• **Assignment**
Word for word, return the lines below from the first through the line that has "破洞牛仔褲男韓版潮牌寬鬆大碼嘻哈乞丐九分褲子男 牛仔褲 休閒褲", dropping the pictures.

(Records)

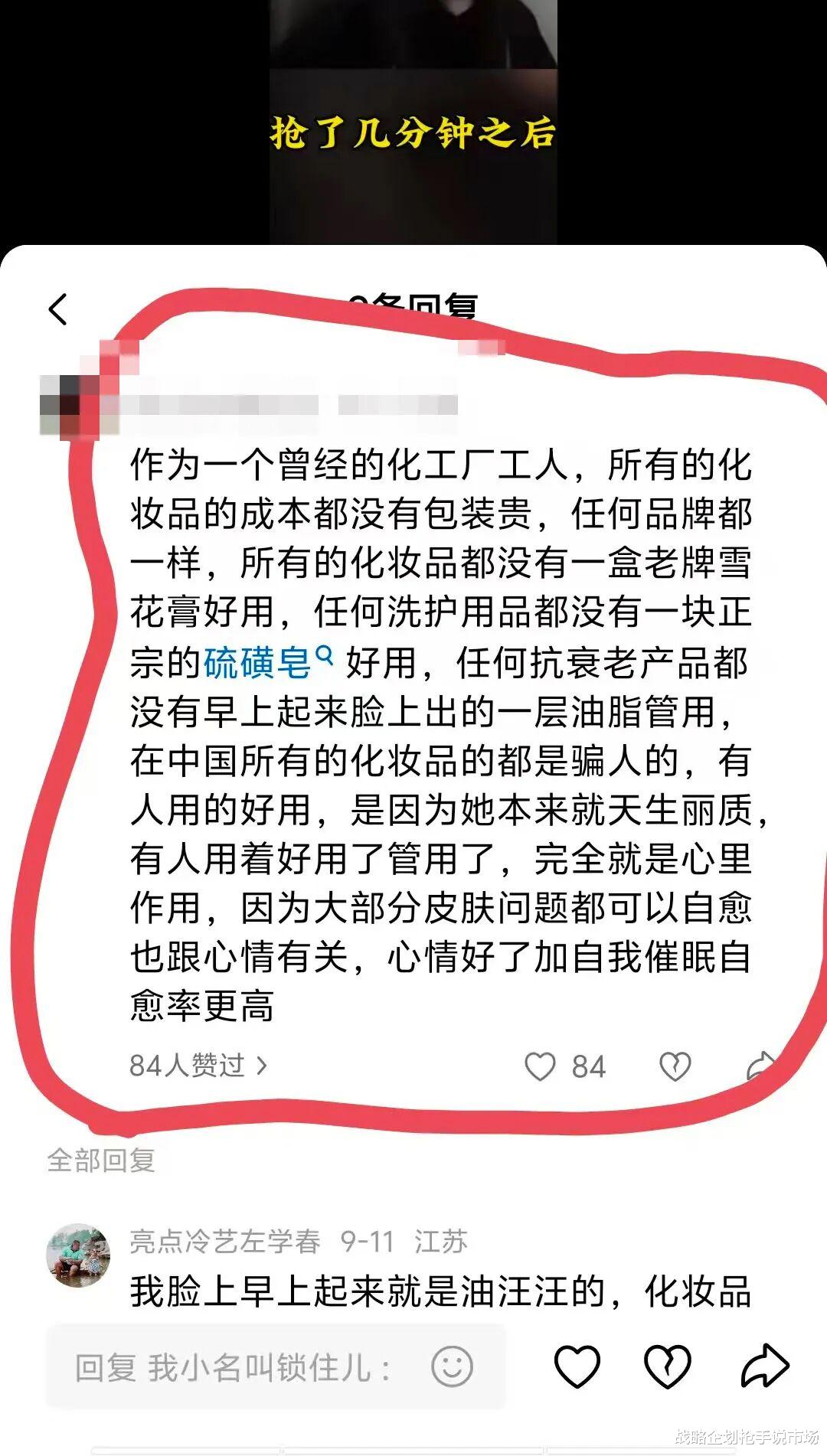 第四位说了,“作为一个曾经的化工厂工人,所有的化妆品成本都没有包装贵,任何品牌都一样,所有的化妆品都没有没有一盒老牌雪花膏好用,任何洗护用品都没有一块正宗的硫磺皂好用,任何抗衰老产品都没有早上起来脸上出的一层油脂管用,在中国所有的化妆品都是骗人的,有人用的好用是因为她本来天生丽质,还有人是心理作用,因为大部分皮肤问题都可以自愈,心情好了加自我催眠自愈率更高。”
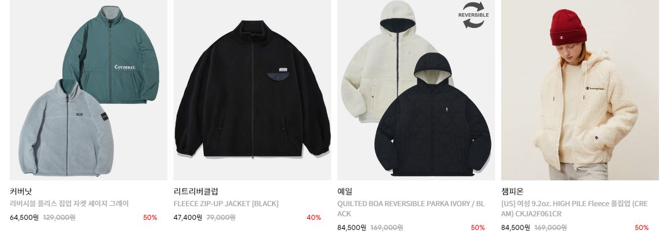 할인 품목 : 자켓, 코트 등
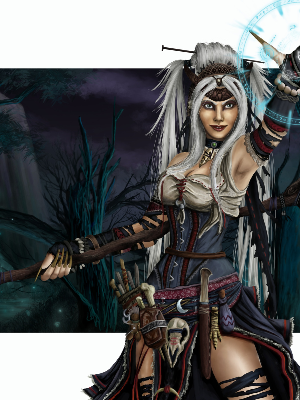 лес, взгляд, девушка, поза, оружие, фон, магия, одежда
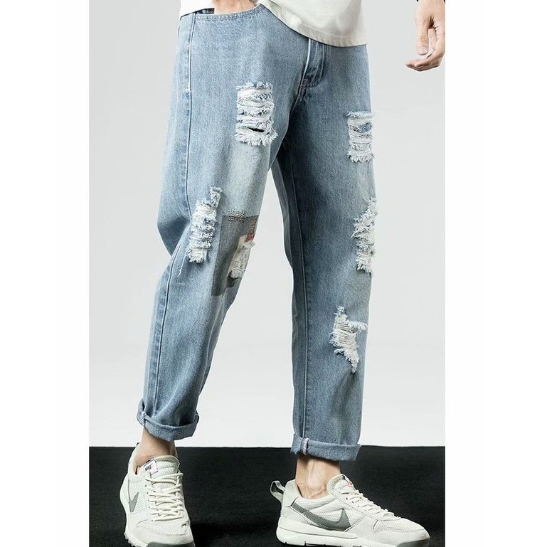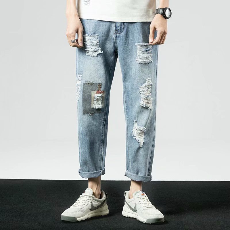 破洞牛仔褲男韓版潮牌寬鬆大碼嘻哈乞丐九分褲子男 牛仔褲 休閒褲 破褲 潮褲(GY9051)【壹號站】
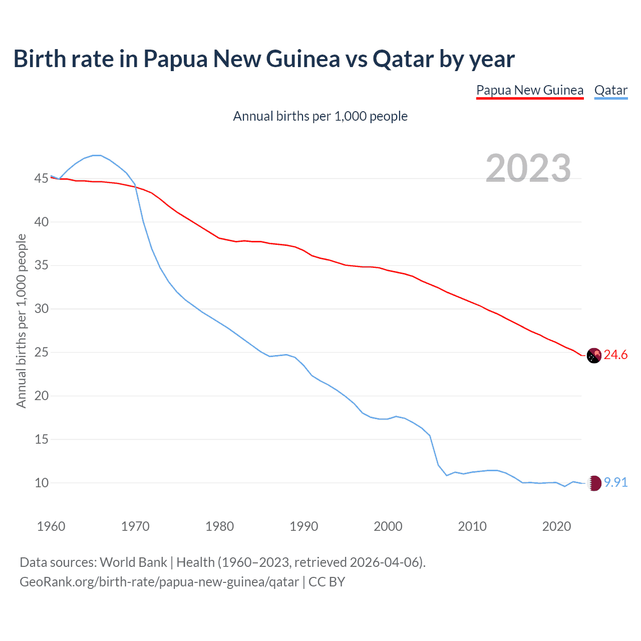 Papua New Guinea has an annual birth rate of 24.6 births per 1,000 people, compared to 9.91 for Qatar. The average number of children a woman is expected to have during her lifetime — the fertility rate, is 3.1 in Papua New Guinea and 1.73 in Qatar — 44.2% difference.
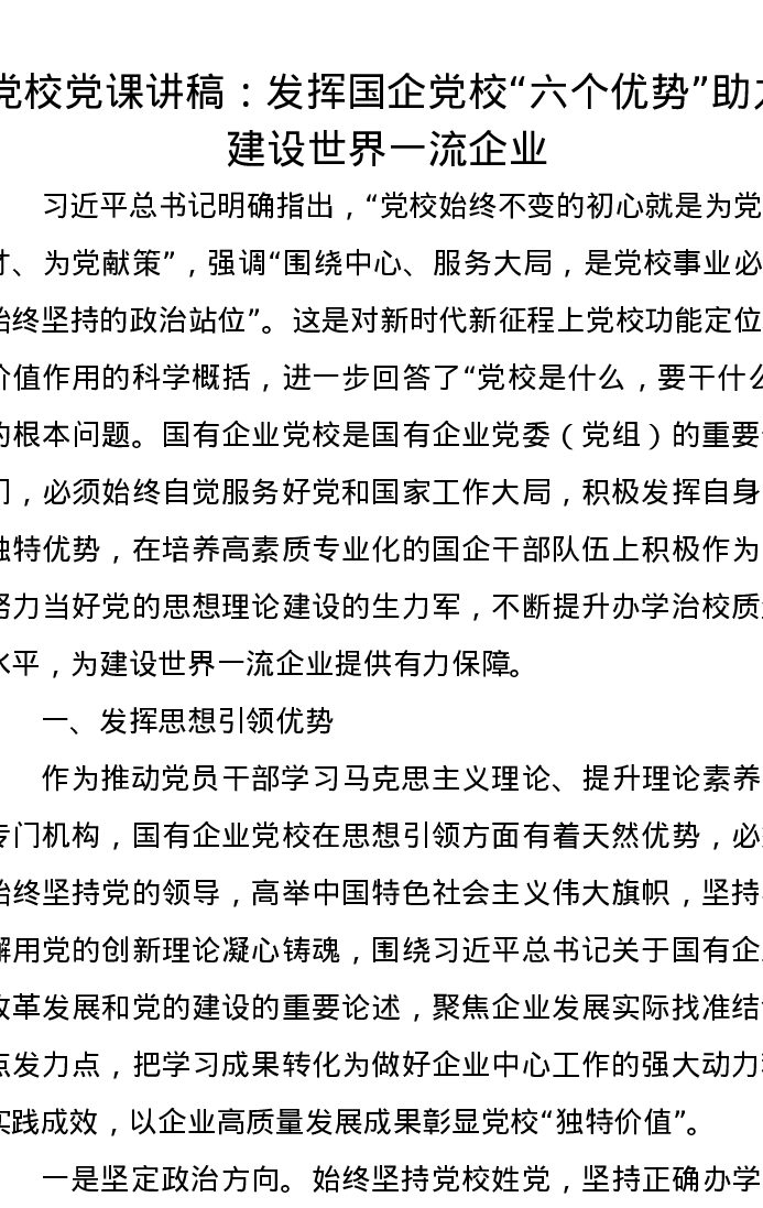 党校党课讲稿:发挥国企党校“六个优势”助力建设世界一流企业
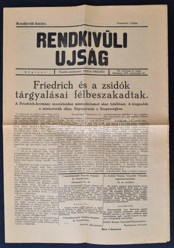 1919 A Rendkívüli újság szeptember 27-i száma a zavaros idők híreivel https://www.darabanth.com/hu/271-Gyorsarveres/271.0/Festmeny-mutargy-papirregiseg-egyeb/Nyomtatvanyok~32/1919-A-Rendkivuli-ujsag-szeptember-27-i-szama-a-zavaros-idok-hireivel~II1370016
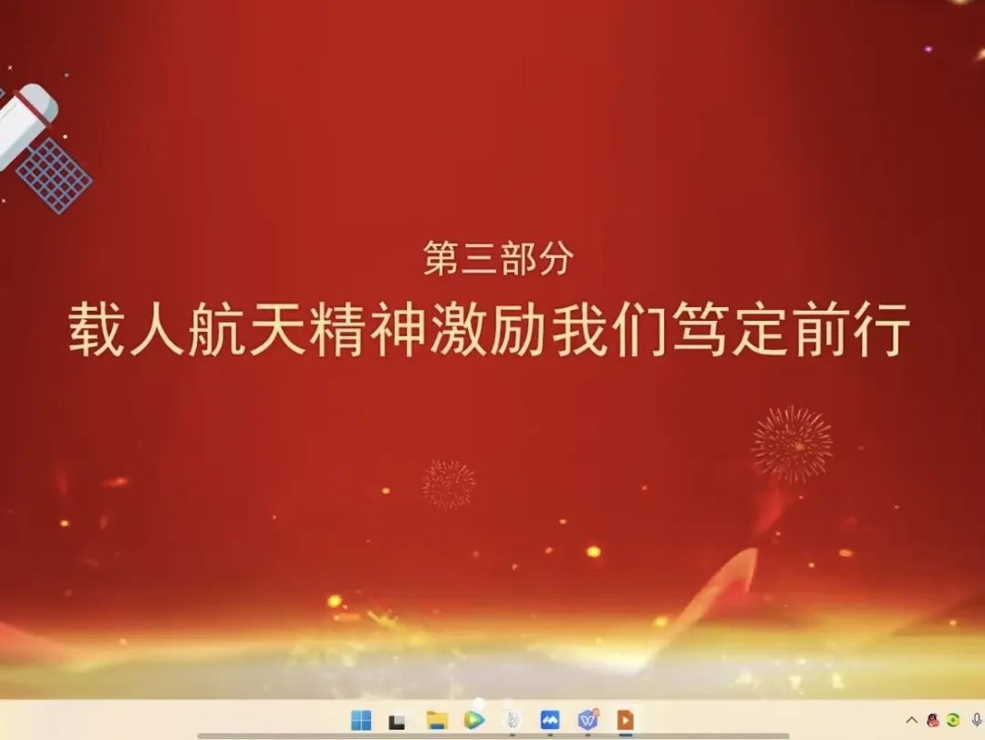 载人航天精神是中国共产党人精神谱系的重要组成部分,是以爱国主义为核心的民族精神和以改革创新为核心的时代精神的生动体现。通过本次宣讲,同学们深入学习了载人航天精神,在之后的学习工作中必将让理念付诸于实践,为实现中国载人航天新的突破积蓄力量,传承好这一份宝贵的民族精神财富。
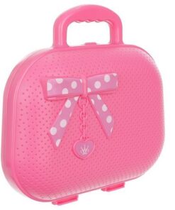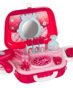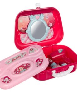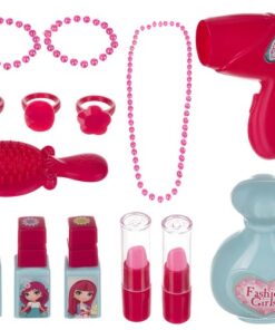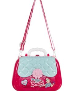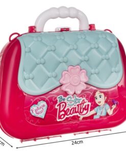Детски комплект за гримове с чантичка. Този уникален комплект за грим съдържа всичко, което ще бъде полезно за един малък стилист. В заключваща се кутия има имитации: 1 x сешоар, 1 x имитация на огледало, 3 x лак за нокти, 3 x пръстен, 2 x гривна, 1 x мъниста, 2 x червило, 1 x гребен, 1 x парфюм, 2 x странична стойка, 1 х капак, 1 х чанта, 1 х стикер, 1 х каишка. Комплектът е в затворена дамска чанта във формата на портмоне. След сгъване ще изглежда страхотно като чанта през рамо. Благодарение на това малката принцеса ще може да го вземе навсякъде, например на детска градина или при баба и дядо си. 2 в 1 – това е дамска чанта и преносима тоалетка в 1, която определено ще улесни изпълнението на всички видове стайлинг навсякъде. Комплектът изглежда детски и професионален в същото време. Благодарение на това детето ви ще може да играе ролята на малък стилист. Освен това комплектът е изработен с внимание към всички детайли, благодарение на което изглежда изключително стилно и професионално. Цялата козметика не е истинска и е изработена от нетоксични, екологично чисти материали.
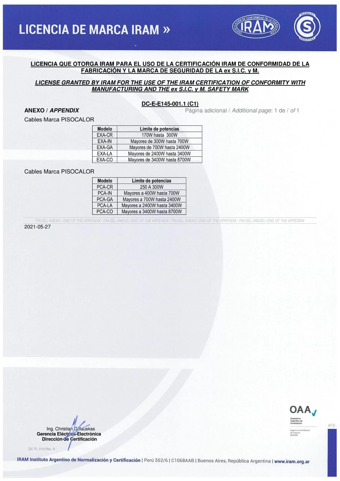 TRAC-550W - CABLE CALEFACTOR TRACING (CAÑERIAS) 550W 22MTS (certif. IRAM) - Piso Calor
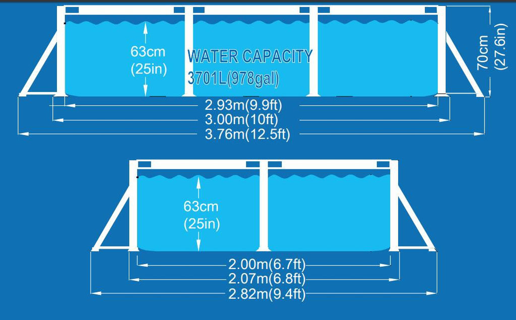 Piscina Fuoriterra Jilong Rettangolare Grigia con struttura in acciaio antiruggine e Liner in PVC multistrato.
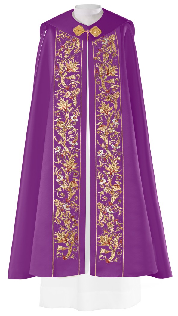Chape en polyester brodée devant et dos. Un Chrisme orne le capuchon et des broderies de volutes et de fleurs ornent la chape. Longueur 145 cm. Chape fournie avec son étole.
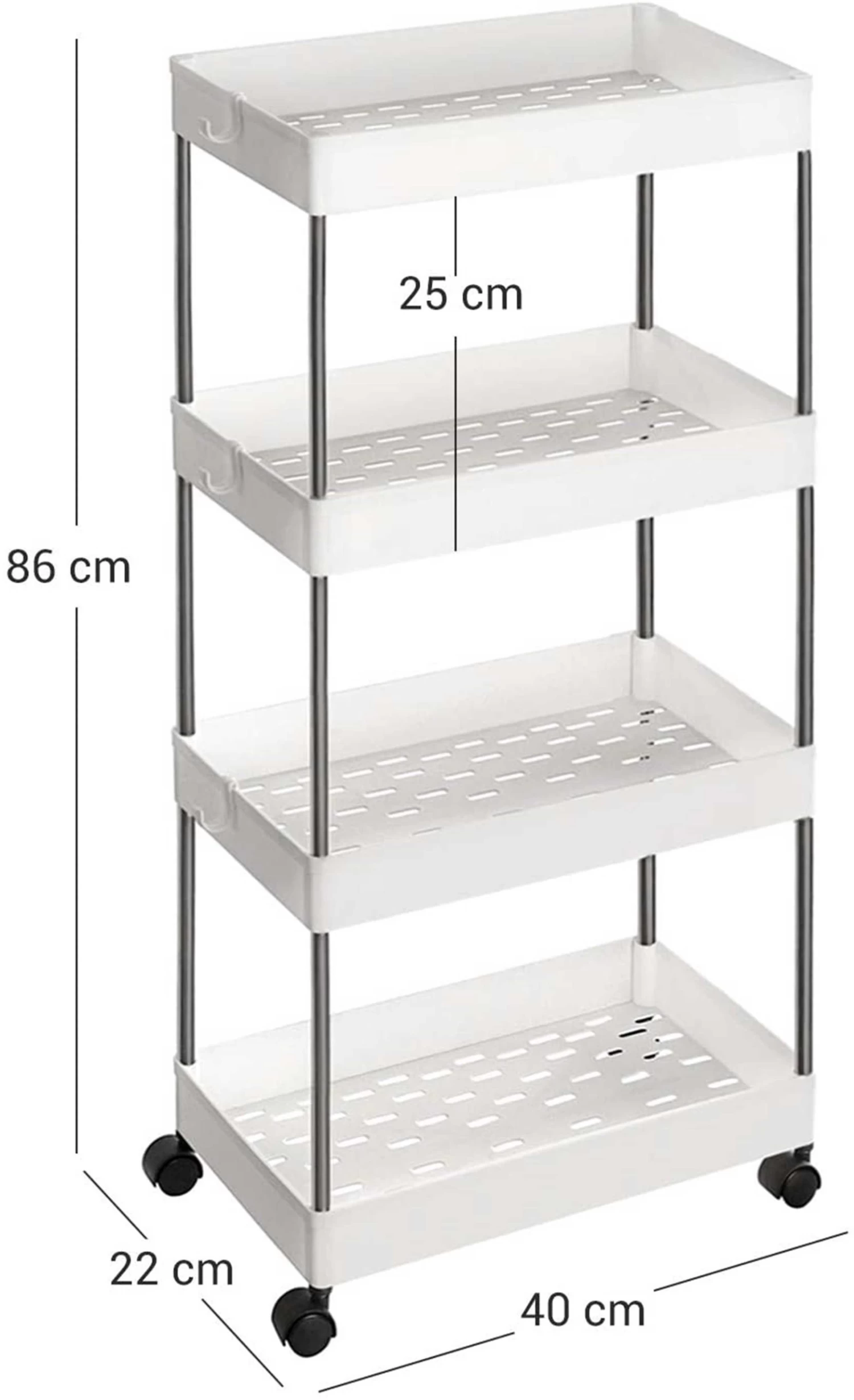 Maak een einde aan de rommel! 4-Tier Opbergwagen met PP Planken en Universele Wielen voor eenvoudige mobiliteit. Perfect voor keukengerei | kantoordocumenten | badkameropslag. Maximale capaciteit: 20 kg totaal (5 kg per plank). Afmetingen: 40x22x86cm. 6 haken voor het ophangen van keukengerei enz.

(End Records)

• **Written response**
 第四位说了,“作为一个曾经的化工厂工人,所有的化妆品成本都没有包装贵,任何品牌都一样,所有的化妆品都没有没有一盒老牌雪花膏好用,任何洗护用品都没有一块正宗的硫磺皂好用,任何抗衰老产品都没有早上起来脸上出的一层油脂管用,在中国所有的化妆品都是骗人的,有人用的好用是因为她本来天生丽质,还有人是心理作用,因为大部分皮肤问题都可以自愈,心情好了加自我催眠自愈率更高。”
 할인 품목 : 자켓, 코트 등
 лес, взгляд, девушка, поза, оружие, фон, магия, одежда
 破洞牛仔褲男韓版潮牌寬鬆大碼嘻哈乞丐九分褲子男 牛仔褲 休閒褲 破褲 潮褲(GY9051)【壹號站】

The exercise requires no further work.